Mica won the Republican primary with 53% of the vote, defeating State Representative Richard Graham (34%) and Vaughn Forrest (13%). In the general election, he defeated Democrat Dan Webster 56%–44%.

1994–2004 
During this time period, he won re-election every two years with at least 60% of the vote.

2006 

Mica defeated Jack Chagnon 63%–37%.

2008 

Mica defeated Faye Armitage 62%–38%.

2010 

Mica defeated Heather Beaven 69%–31%.

2012 

For his first 10 terms, Mica represented a district that stretched from the Orlando suburbs through Daytona Beach all the way to St. Augustine.

After the 2010 Census, the bulk of Mica's territory became the 6th District. However, most of the Orange County portion, including Mica's home in Winter Park, was drawn into the new 7th District. That district had previously been the 24th District, represented by freshman Republican Sandy Adams.  Although the new 7th was over 58 percent new to Mica, he defeated Adams in the Republican primary with 61 percent of the vote.  In the general election, Mica defeated Jason Kendall 59%–41%.

2014 

Mica defeated Wes Neuman 64%–32%.

2016 

A court-ordered redistricting made the 7th slightly friendlier to Democrats.

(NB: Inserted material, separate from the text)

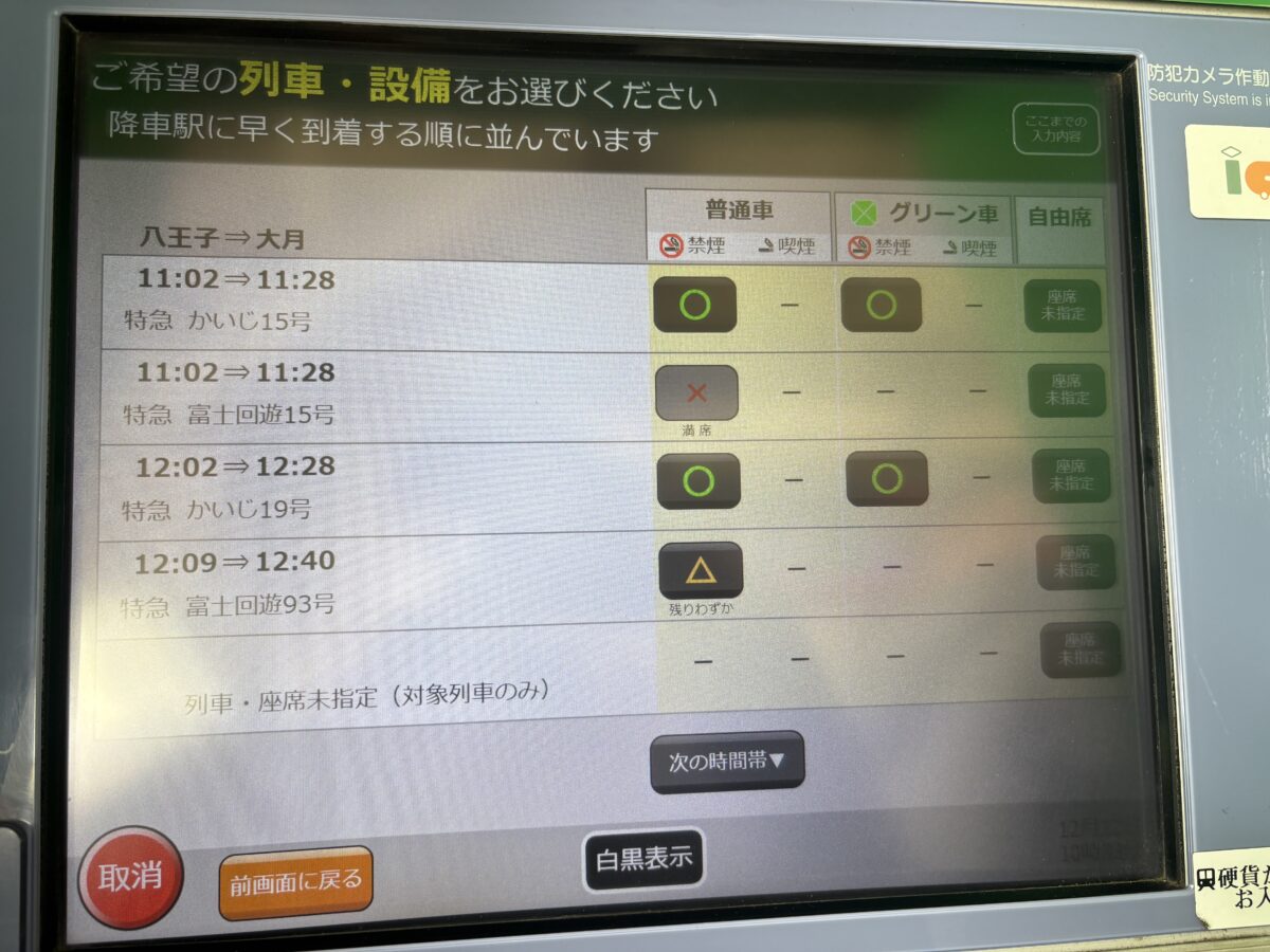 朝の9時ごろに自宅を出発。ひとまず八王子に出ます。時間的には「富士回遊」がちょうど来るのですが案の定満席。大月まで併結する「かいじ」に乗車して、大月で移動することにします。

The new map cut out the district's share of Volusia County, while pushing it farther into Orlando.

The 7th had already been a marginal district, even though Mica had been elected twice from this district without serious difficulty. Mitt Romney narrowly won it over Barack Obama in 2012, with 51 percent of the vote. In contrast, had the redrawn 7th existed in 2012, Obama would have won it with 49.4 percent.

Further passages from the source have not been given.